DIRECTIONS FOR THIS TASK —
Pictures appear among the records below and must be omitted. Repeat exactly the lines from the line with "強気型はカスタムで[レッスン" to the line with "2. 설정을 터치합니다.", both included.

RECORDS FOR THIS EXERCISE —
◆ ◆ ◆ ◆

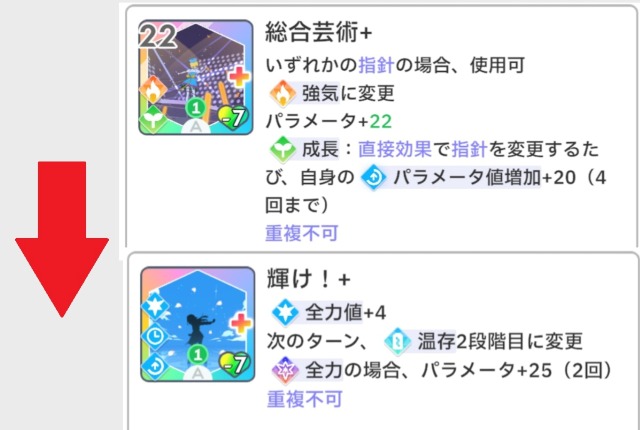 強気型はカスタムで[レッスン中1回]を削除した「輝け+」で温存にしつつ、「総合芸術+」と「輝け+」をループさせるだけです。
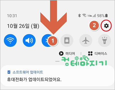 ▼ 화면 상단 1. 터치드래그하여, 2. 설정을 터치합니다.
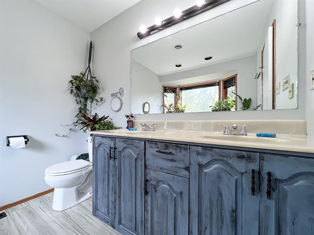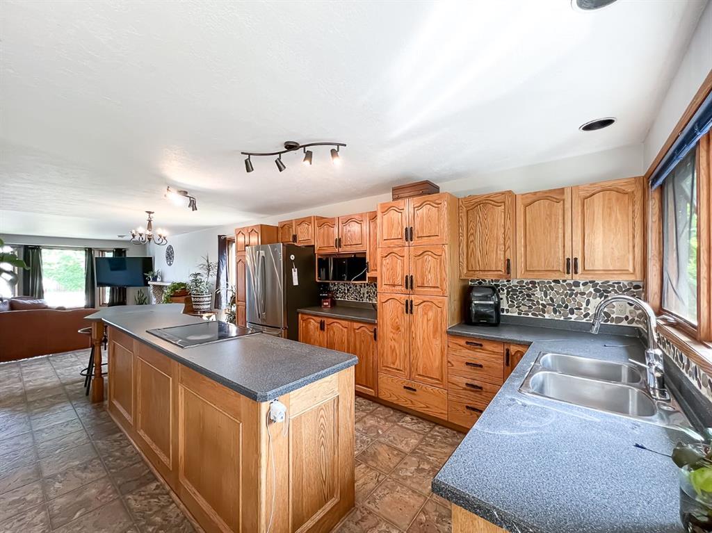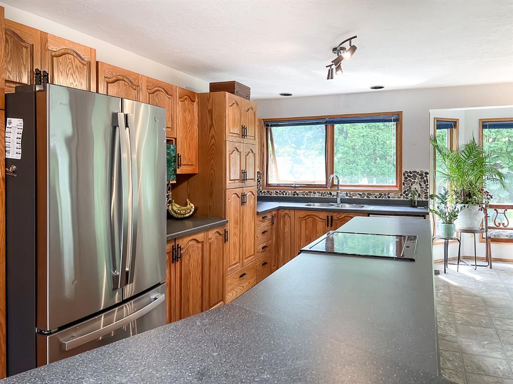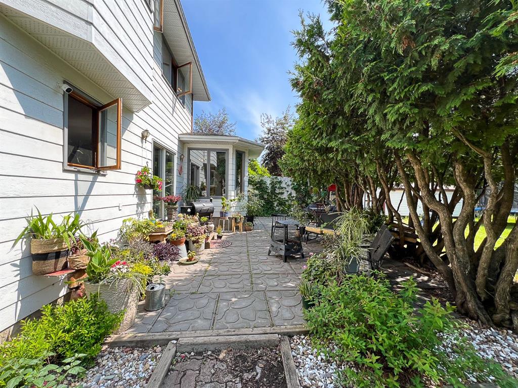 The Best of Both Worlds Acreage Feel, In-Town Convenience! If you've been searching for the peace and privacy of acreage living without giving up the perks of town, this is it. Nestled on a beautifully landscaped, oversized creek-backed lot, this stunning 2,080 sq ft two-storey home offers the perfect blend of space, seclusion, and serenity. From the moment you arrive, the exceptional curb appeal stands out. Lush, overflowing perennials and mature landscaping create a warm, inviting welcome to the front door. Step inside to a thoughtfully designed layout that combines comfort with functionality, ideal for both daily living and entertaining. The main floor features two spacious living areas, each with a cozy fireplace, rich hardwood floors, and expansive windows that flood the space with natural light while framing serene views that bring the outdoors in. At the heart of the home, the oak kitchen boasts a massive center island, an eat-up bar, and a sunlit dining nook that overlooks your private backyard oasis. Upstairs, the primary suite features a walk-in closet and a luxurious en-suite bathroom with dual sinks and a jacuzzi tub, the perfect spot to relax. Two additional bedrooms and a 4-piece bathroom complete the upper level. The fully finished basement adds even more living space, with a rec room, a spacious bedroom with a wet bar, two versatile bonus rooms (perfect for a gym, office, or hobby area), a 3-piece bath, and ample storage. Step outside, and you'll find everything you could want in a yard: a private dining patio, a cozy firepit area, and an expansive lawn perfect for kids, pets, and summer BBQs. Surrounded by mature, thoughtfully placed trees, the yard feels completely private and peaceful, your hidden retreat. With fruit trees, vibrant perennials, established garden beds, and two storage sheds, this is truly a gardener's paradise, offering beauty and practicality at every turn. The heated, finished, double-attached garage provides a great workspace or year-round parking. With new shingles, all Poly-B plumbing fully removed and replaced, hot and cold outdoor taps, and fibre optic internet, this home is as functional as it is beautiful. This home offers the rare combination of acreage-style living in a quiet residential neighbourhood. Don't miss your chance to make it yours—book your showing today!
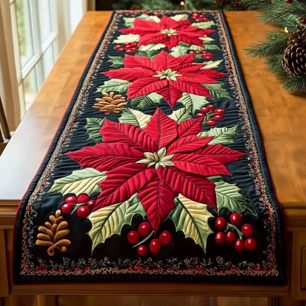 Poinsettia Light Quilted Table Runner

◆ ◆ ◆ ◆

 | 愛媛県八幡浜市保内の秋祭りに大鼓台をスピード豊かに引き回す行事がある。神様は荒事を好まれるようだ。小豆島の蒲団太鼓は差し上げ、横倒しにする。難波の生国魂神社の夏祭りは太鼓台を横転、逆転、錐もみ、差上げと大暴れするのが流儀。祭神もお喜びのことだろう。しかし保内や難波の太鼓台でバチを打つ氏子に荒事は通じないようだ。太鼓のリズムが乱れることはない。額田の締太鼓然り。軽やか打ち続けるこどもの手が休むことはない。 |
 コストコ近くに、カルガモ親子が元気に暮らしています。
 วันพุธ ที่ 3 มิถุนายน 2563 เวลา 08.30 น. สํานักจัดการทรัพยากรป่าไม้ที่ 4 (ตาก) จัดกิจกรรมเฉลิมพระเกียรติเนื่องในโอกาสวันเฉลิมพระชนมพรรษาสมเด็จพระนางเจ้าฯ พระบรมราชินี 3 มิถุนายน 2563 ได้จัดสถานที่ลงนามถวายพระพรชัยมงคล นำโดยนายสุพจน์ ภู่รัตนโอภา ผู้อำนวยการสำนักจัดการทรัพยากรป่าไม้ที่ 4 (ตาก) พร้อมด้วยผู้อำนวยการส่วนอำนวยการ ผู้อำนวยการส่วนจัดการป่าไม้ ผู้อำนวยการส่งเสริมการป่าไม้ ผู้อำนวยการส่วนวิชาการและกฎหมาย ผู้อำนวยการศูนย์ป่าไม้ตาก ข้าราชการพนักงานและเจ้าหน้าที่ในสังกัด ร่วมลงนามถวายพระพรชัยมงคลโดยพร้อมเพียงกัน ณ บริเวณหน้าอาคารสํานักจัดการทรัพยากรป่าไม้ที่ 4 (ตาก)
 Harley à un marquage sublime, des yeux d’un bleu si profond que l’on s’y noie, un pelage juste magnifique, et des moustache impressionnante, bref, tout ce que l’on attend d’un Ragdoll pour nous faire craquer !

◆ ◆ ◆ ◆

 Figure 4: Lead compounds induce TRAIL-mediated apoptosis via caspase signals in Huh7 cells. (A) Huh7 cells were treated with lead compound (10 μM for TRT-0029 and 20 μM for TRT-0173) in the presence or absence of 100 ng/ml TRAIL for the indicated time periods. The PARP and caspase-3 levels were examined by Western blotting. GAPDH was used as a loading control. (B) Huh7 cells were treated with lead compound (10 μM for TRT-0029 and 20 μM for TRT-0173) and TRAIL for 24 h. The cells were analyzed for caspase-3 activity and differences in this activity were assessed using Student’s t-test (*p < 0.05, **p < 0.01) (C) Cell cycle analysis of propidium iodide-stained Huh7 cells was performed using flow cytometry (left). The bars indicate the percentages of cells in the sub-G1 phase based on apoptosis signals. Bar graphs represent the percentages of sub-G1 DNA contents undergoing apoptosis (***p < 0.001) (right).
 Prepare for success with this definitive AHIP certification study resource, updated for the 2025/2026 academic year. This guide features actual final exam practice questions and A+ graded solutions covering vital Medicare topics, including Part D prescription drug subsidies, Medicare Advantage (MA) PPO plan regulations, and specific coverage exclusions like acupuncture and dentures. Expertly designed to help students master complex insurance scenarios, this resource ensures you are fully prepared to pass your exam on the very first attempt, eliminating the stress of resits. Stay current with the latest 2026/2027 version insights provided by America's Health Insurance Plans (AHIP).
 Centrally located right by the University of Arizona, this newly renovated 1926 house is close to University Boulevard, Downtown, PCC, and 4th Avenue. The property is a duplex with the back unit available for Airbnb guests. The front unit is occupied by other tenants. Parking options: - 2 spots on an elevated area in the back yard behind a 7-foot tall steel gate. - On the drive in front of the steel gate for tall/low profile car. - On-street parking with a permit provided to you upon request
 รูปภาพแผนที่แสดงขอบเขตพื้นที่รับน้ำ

◆ ◆ ◆ ◆

REPLY —
 強気型はカスタムで[レッスン中1回]を削除した「輝け+」で温存にしつつ、「総合芸術+」と「輝け+」をループさせるだけです。
 ▼ 화면 상단 1. 터치드래그하여, 2. 설정을 터치합니다.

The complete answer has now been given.